Dexter eventually finds the Honda belonging to Alissa Elan, the Shadow's ex-wife. He returns at night but finds that the Shadow – Bernard Elan – has anticipated his visit, mutilated Alissa in imitation of Dexter's style, and called the police when he arrived. Dexter narrowly escapes. Bernard, a skilled computer hacker, alters relevant databases to indicate that he died two years ago. Later, Dexter's coworker Camilla Figg is found beaten to death, casting doubt on Deborah's arrest. Dexter notices differences in the cop killings, but Hood, the detective in charge, ignores him. It emerges that Camilla had hundreds of photographs of Dexter, having had an obsessive crush on him. Hood makes Dexter the prime suspect.

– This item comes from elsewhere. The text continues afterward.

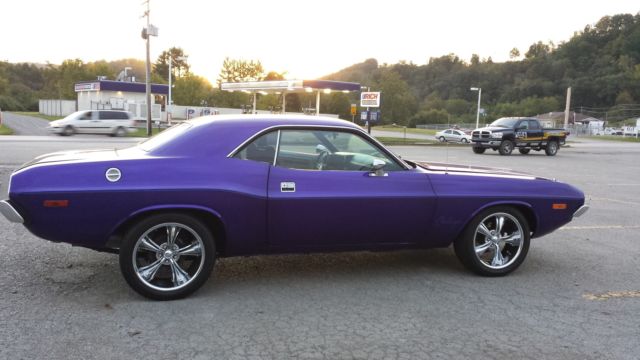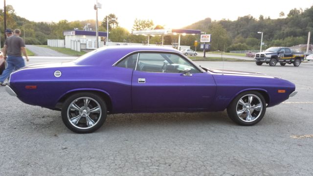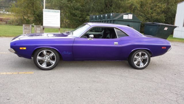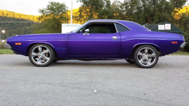 I am selling my 1974 Dodge Challenger custom, It had a 318 motor that is putting out 400+ hp. it has a 727 Tranny with a Mopar 8 3/4 rear end, Not sure of gearing but it goes down the street with no problem, This car starts right up and is a dream to drive, and everywhere I take it everybody loves the way it looks and sounds, the glass has all been replaced and the interior has all been redone, the front and rear bumpers have been re chromed. the exhaust flows through duel SS pipes into Flow Master mufflers. new windshield and back window, all new rubber weather strippingThe paint is House Of Kolors Blurple, there are a few blemishes but the car shows well, the only show I took it to last year it won a top 20 trophy. newer BOSS rims I bought the car from the second owner, He is the one that built the car, it came from California, this is a rust free car. I have only had it a short time, but I need to down size. This car is kept in a heated and dehumidified garage. Please no tire kickers, dont ask for my reserve, You know what they cost and my reserve is well worth what I am asking. NO TRADES. I am asking for a fair price thats all. I suggest that anyone who would like to bid on this car please come and look at it, I have described it as best I know and the condition it is in. You will see that It is as nice as I have described it. The minor blemishes on the paint are on the sides between the rear window and the side window, some minor rock chips, and a light spot on the hood about the size of a dime. as I said this car is not perfect but looks daggone good from 10 feet away. I also just found that the shifter handle has a crack in it, I am going to order a replacement and should be here before the end of the sale.

Another message from Bernard confirms that he killed Camilla. Dexter eventually learns that he is now using the alias Doug Crowley, but cannot kill him because of Hood's surveillance. He asks his brother Brian to do so, only for Brian to mistakenly kill the real Doug Crowley. Dexter takes his family on a trip to Key West, where Rita attends a foreclosure auction; Hood and Bernard both follow. Bernard kills Hood and leaves him in Dexter's hotel suite, then takes Astor and Cody to Garden Key. However, Dexter reaches the island first and manages to subdue Bernard with Astor's help. Bernard is tossed overboard and is killed by a shark. After returning from Key West, Dexter breaks into the deceased Hood's apartment and plants evidence on his computer, implying he killed Camila, clearing himself of suspicion.

==Reception==
The Telegraph said of the book, "Hilariously gruesome finale....All this ought to be gross nonsense but Jeff Lindsay’s cynical wit makes it fly". The Orlando Sentinel called it the best book of the series yet, saying the book "takes a tremendous leap forward as the author utilizes believable storytelling and large doses of dark humor" and "strongest outing as he richly delves into Dexter's very scarred psyche".